Warren Galea’s Meditations – an abstract journey for the mind and soul

This is Galea’s third album, consisting of purely improvised, solo guitar expressions.
Musician Warren Galea. Photo: Facebook

I found myself discovering a new feeling with every abstract tune as I listened to Warren Galea’s Meditations.

Galea is a talented guitarist and composer, and a prominent name in the Maltese Jazz scene. Having graduated from the New School for Jazz and Contemporary Music in New York, Galea has performed in numerous renowned venues across the United States, as well as the Dusseldorf Jazz Rally in Europe, Europe Day Festival, and, of course, the Malta Jazz Festival.
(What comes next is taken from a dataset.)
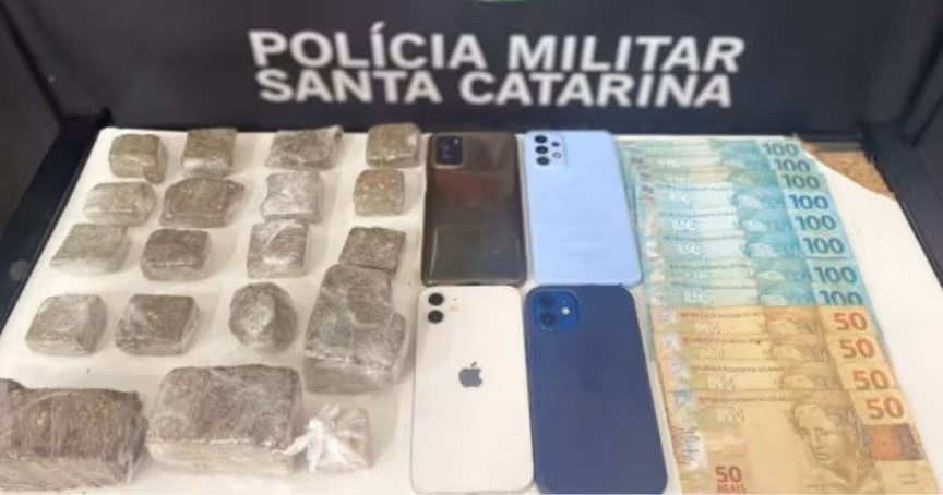Dois jovens são conduzidos pela PM após denúncia de tráfico de drogas na Antônio Heil, em Brusque 10/05/2024 • João Henrique Krieger

Released on August 18, Meditations follows Diadems, Troubadours and The Odyssey, as Galea’s third album. However, it stands out from the rest of his albums and EPs, as it is a collection of improvised, personal guitar tunes, recorded throughout the span of one year on his mobile phone. While Diadems, Troubadours is also a rather personal release as it pays homage to his late father, Leslie Galea, Meditations serves as a journal of sorts, both for the composer, as well as for the listener.

The 23 tracks which make up the album all carry the titles of the date they were composed on, spanning from January 7 2021 to March 1 2022, hence the personal, diary-like aspect of this work. The improvisations make it seem as if you’re having an honest, heart-to-heart chat with Galea, perhaps discussing something personal that no eavesdroppers should be part of. He is conversing with his guitar, while you respond with your feelings, emotions, or anything that has emerged as a result of his melodies, be it a soft, acoustic guitar (No. 10: June 25th, 2021), or a rasher and more overdriven sound (No. 14: November 21st, 2021).

The ambient hum that comes with most phone recordings is a small detail which adds to the authenticity of this album, as it reveals that this is just Galea and his instrument in an eruption of spontaneous creativity; no studio editing, no set order of recording, but pure feeling in the spur of the moment. The length of the tunes ranges from 20 seconds to almost 9 minutes, much like a diary entry – some days seem brief, while there are others which you just can’t stop writing about.

No. 21: February 28th, 2022 is by far the most versatile song in the album. It is full of diverse techniques which also show Galea as an incredibly skilful musician. In those seven minutes and 34 seconds you can hear intricate scales, bluesy string bends and gentle strumming that echoes throughout. The highs and lows turn this tune into an emotional ride, while around the five-minute mark, you can almost picture him playing the elaborate solo in front of you. The song comes to a gentle close, concluding the experience in which you barely feel the time passing by.

It is interesting to note that the release party for Meditations, which took place at Rumi Poetry Bar in Valletta, consisted of a fully improvised set by Galea. While I expected to hear the album itself at a release party, this choice came as a pleasant surprise which further emphasised his improvising prowess and ability to convey feeling with his instrument, rather than the exact tunes of the album itself. In a sense, it served as an extension of the album.

I have had the chance to listen to Galea live numerous times, and (full disclosure) even to play a tune with him on one occasion. This album confirms him as an incredibly talented musician who can almost effortlessly add his own flavour to any song. You can catch him enchanting the audience in multiple venues across the island, be it solo or with a band.